• _Required action_
One exact copy of the listing is needed. It should contain no pictures.

• _Working data_
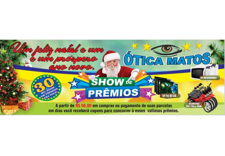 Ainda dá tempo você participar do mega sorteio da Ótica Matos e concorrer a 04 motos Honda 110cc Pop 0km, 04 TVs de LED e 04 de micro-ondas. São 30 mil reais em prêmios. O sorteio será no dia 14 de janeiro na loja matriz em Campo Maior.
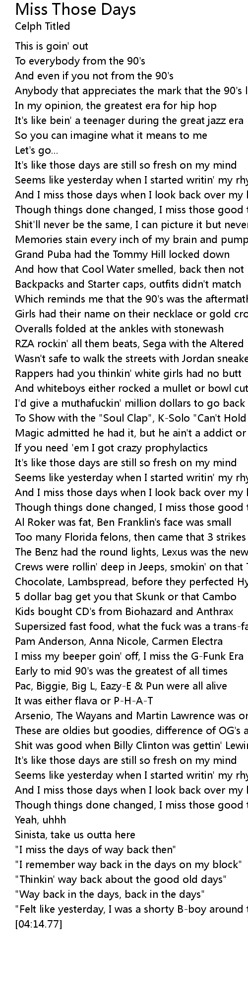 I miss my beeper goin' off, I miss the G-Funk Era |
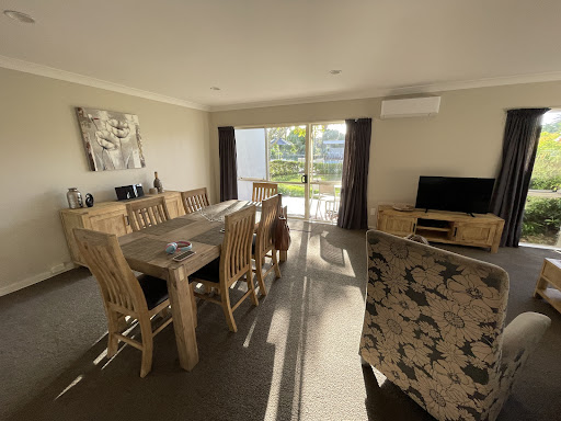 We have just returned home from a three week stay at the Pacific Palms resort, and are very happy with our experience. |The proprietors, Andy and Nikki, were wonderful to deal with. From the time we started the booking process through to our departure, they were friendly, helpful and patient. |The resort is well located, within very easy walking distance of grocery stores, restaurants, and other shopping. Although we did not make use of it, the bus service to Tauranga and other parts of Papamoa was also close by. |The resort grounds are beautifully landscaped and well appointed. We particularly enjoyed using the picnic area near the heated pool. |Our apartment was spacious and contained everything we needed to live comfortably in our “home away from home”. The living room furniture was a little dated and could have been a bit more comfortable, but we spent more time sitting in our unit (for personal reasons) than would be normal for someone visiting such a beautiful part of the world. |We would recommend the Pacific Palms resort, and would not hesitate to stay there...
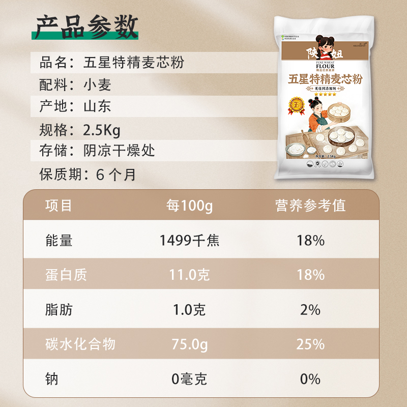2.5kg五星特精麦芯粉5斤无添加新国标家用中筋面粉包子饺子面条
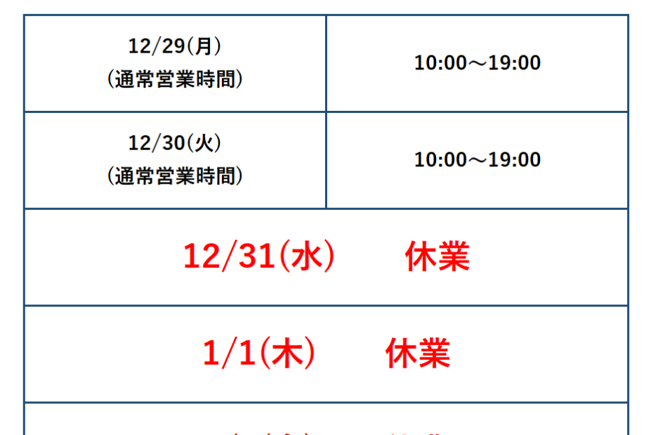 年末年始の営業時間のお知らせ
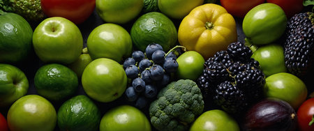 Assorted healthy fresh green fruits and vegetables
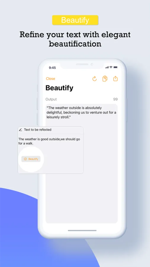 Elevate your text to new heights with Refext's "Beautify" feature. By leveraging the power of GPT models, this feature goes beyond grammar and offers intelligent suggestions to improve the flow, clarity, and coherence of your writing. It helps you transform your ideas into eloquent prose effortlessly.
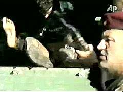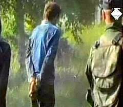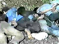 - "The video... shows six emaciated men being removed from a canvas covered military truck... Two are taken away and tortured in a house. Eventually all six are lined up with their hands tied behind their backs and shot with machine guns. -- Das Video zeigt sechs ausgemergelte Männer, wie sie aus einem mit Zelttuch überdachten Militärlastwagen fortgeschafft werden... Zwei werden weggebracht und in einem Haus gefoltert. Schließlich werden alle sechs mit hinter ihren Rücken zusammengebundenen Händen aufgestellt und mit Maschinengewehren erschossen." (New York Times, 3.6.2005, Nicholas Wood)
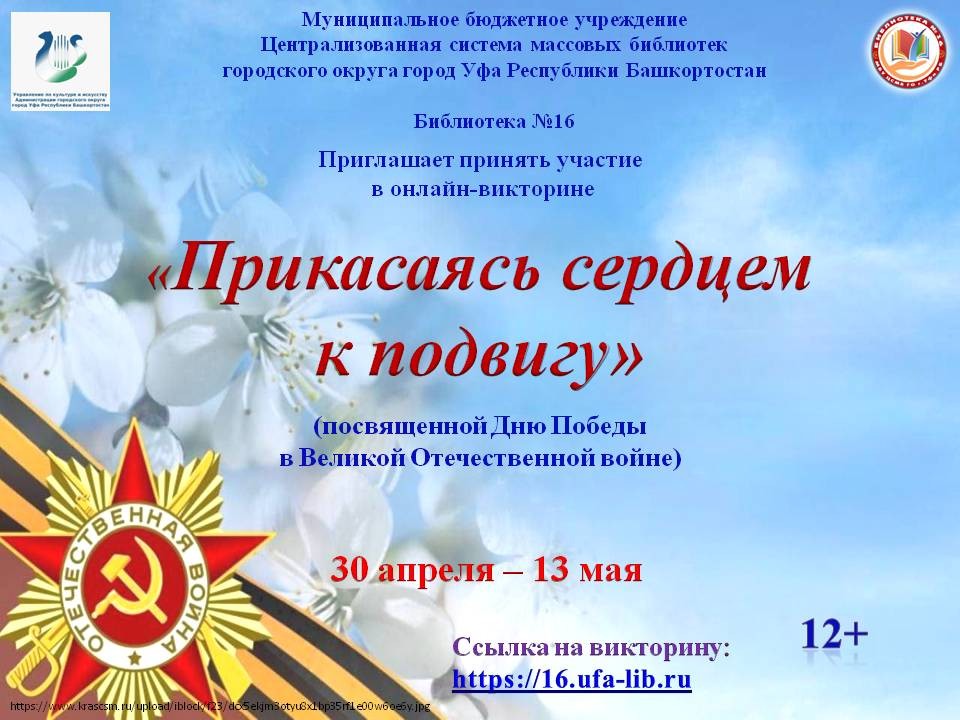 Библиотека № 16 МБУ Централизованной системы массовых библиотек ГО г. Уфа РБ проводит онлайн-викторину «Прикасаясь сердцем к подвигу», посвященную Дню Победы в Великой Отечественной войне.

• _Problem solution_
 Ainda dá tempo você participar do mega sorteio da Ótica Matos e concorrer a 04 motos Honda 110cc Pop 0km, 04 TVs de LED e 04 de micro-ondas. São 30 mil reais em prêmios. O sorteio será no dia 14 de janeiro na loja matriz em Campo Maior.
 I miss my beeper goin' off, I miss the G-Funk Era |
 We have just returned home from a three week stay at the Pacific Palms resort, and are very happy with our experience. |The proprietors, Andy and Nikki, were wonderful to deal with. From the time we started the booking process through to our departure, they were friendly, helpful and patient. |The resort is well located, within very easy walking distance of grocery stores, restaurants, and other shopping. Although we did not make use of it, the bus service to Tauranga and other parts of Papamoa was also close by. |The resort grounds are beautifully landscaped and well appointed. We particularly enjoyed using the picnic area near the heated pool. |Our apartment was spacious and contained everything we needed to live comfortably in our “home away from home”. The living room furniture was a little dated and could have been a bit more comfortable, but we spent more time sitting in our unit (for personal reasons) than would be normal for someone visiting such a beautiful part of the world. |We would recommend the Pacific Palms resort, and would not hesitate to stay there...
2.5kg五星特精麦芯粉5斤无添加新国标家用中筋面粉包子饺子面条
 年末年始の営業時間のお知らせ
 Assorted healthy fresh green fruits and vegetables
 Elevate your text to new heights with Refext's "Beautify" feature. By leveraging the power of GPT models, this feature goes beyond grammar and offers intelligent suggestions to improve the flow, clarity, and coherence of your writing. It helps you transform your ideas into eloquent prose effortlessly.
 - "The video... shows six emaciated men being removed from a canvas covered military truck... Two are taken away and tortured in a house. Eventually all six are lined up with their hands tied behind their backs and shot with machine guns. -- Das Video zeigt sechs ausgemergelte Männer, wie sie aus einem mit Zelttuch überdachten Militärlastwagen fortgeschafft werden... Zwei werden weggebracht und in einem Haus gefoltert. Schließlich werden alle sechs mit hinter ihren Rücken zusammengebundenen Händen aufgestellt und mit Maschinengewehren erschossen." (New York Times, 3.6.2005, Nicholas Wood)
 Библиотека № 16 МБУ Централизованной системы массовых библиотек ГО г. Уфа РБ проводит онлайн-викторину «Прикасаясь сердцем к подвигу», посвященную Дню Победы в Великой Отечественной войне.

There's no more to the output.